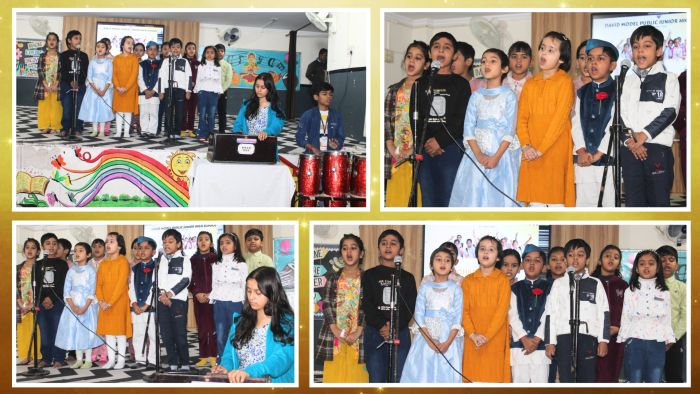 A short and delightful skit was performed by the students of Class II, which was appreciated by everyone for its neat execution and confident presentation. To further enlighten the occasion, Nirmit Sharma and Ved Shukla of KG came dressed as Pandit Jawaharlal Nehru, perfectly showcasing the spirit of the day.
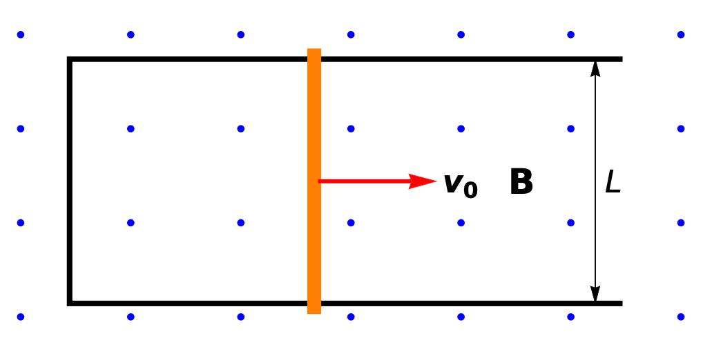 En plan rektangulär slinga (se figur nedan) har en rörlig del som ges en initialhastighet v0 vid tiden t = 0. Slingan befinner sig under hela tiden inom ett konstant magnetfält B riktad ut från pappersplanet och vinkelrät mot slingans plan. Slingan har vidare en bredd L. Den rörliga delen har resistans R och massa m. Försumma resistansen i resten av slingan samt alla icke-magnetiska krafter (friktion, tyngdkraft etc.) på den rörliga delen.
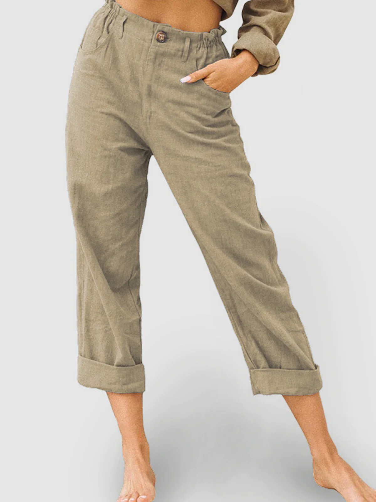 This is a slacks made of high quality eco-friendly natural cotton and linen fabrics, available in a wide range of colors for you to choose from. Wearing it will not only give you a comfortable wearing experience, but also enhance your elegant temperament.
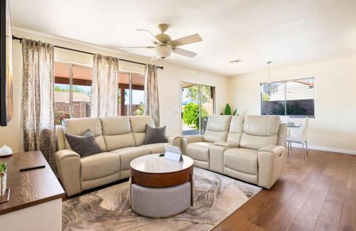 Offering a garden, Sunlit Sandscape Villa Private Sauna Heated Pool Hot Tub Hosted By Relaxtay features accommodations in Casa Grande. Guests may go for a swim in the private pool. The accommodation offers a sauna, free Wifi throughout the property, and luggage storage space. The villa features 4 bedrooms, a fully equipped kitchen with a dishwasher and an oven, a washing machine, and 2 bathrooms with a hair dryer. A TV is featured. For added privacy, the accommodation features a private entrance. Phoenix-Mesa Gateway Airport is 46 miles away.
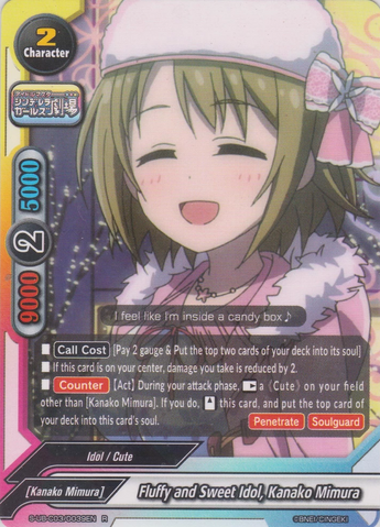 - [Counter] 【Act】 During the battle of this card, you may pay 1 gauge. If you do, for this battle, this card gets power+10000, defense+10000, [Penetrate], and [Counterattack].
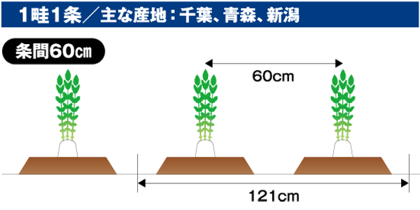 栽培体系(1うね1条、1うね2条など)に応じて機械を選択しましょう。
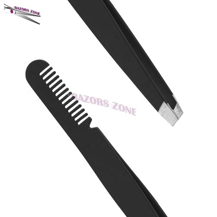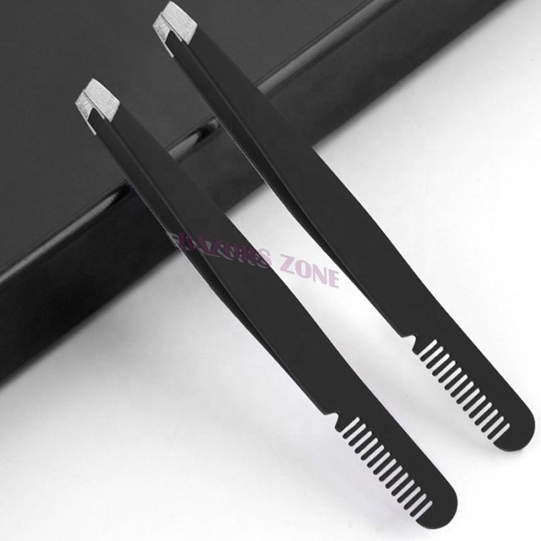 Peine de Punta inclinada profesional de acero inoxidable Premium, pinzas para cejas, herramienta de belleza personalizada para depilación de alta calidad

═══

WHAT YOU NEED TO DO.
Begin with the line holding "栽培体系(1うね1条、1うね2条など)に応じて機械を選択しましょう。" and end with the last line of the listing. Reproduce each of those lines exactly, and leave every picture out.

ANSWER SECTION.
 栽培体系(1うね1条、1うね2条など)に応じて機械を選択しましょう。
 Peine de Punta inclinada profesional de acero inoxidable Premium, pinzas para cejas, herramienta de belleza personalizada para depilación de alta calidad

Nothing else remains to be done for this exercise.